There are also programmes for universities and colleges to strengthen their research infrastructure. One such programme is Promotion of University Research and Scientific Excellence (PURSE). Those universities that have good research performance are given a one- time grant for creation of scientific infrastructure. This grant could be up to Rs 30 crore. There are many state universities that are greatly helped by this mechanism.

You have been in the academia; you have been a researcher and a teacher, new to administration. Your job right now is policy making. How do you handle that?

Management of DST requires deep insights into our entire science and technology ecosystem, including education. My job as a professor provided deep insights into the ground realities of higher education, scientific research, human resources, technology development, intellectual property, and even start-ups. Professors are for life! These experiences and insights have been invaluable in identifying the challenges and opportunities and in formulations of schemes that identify and address the gap areas in an effective manner. So essentially, our new directions in DST came from the evidence-based analysis of strengths, weaknesses, challenges, opportunities, needs and gaps and how to systematically address them. So I think in a ministry like this, it is necessary to have a scientist.

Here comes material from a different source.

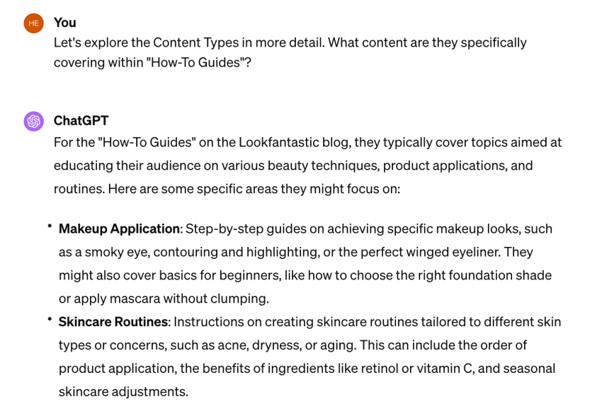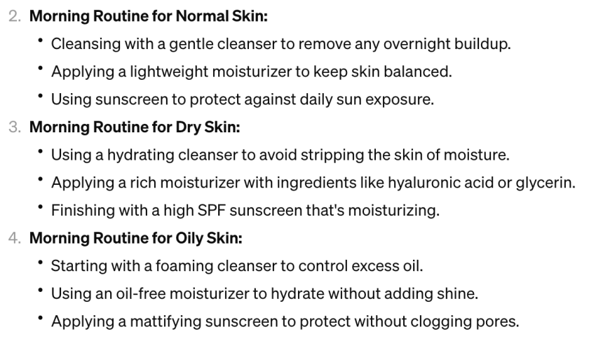 In the example above, the clusters would not be specific enough to cover skin care in-depth. So I asked ChatGPT to create clusters for “Daily Skincare Routines”, which gave me this: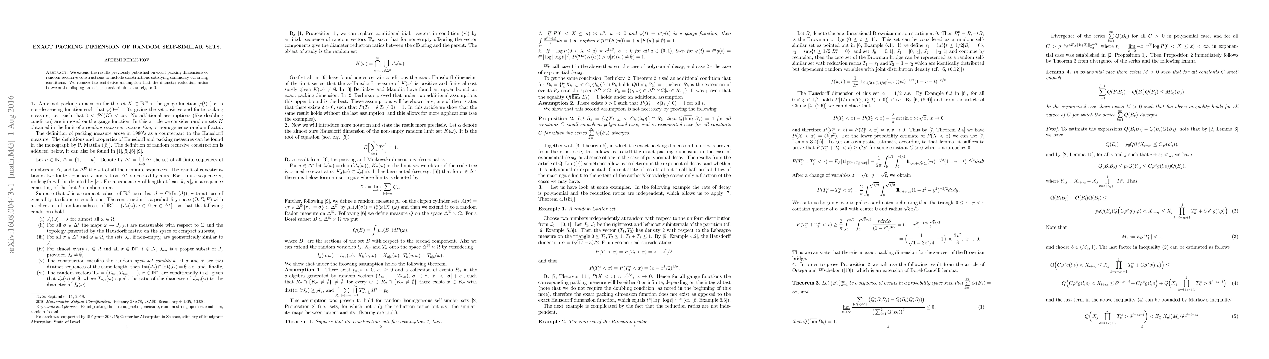 We extend the results previously published on exact packing dimensions of random recursive constructions to include constructions satisfying commonly occurring conditions. We remove the restrictive assumption that the diameter reduction ratios between the offsping are either constant almost surely, or 0.

We have two new needed policies under the final legs. The first one is on the Scientific Social Responsibility that we discussed earlier and the other one is on Management of Scientific Infrastructure including its creation, maintenance, effective use, sharing and disposal. Two other policies are in the pipeline on Geospatial Data and a comprehensive umbrella policy on S&T and Innovation.

And there is another thing, one of the weaknesses have been in our science communication. The scientific community as a whole is not very strong in communications of various kinds, like in scientific journals, in popular media.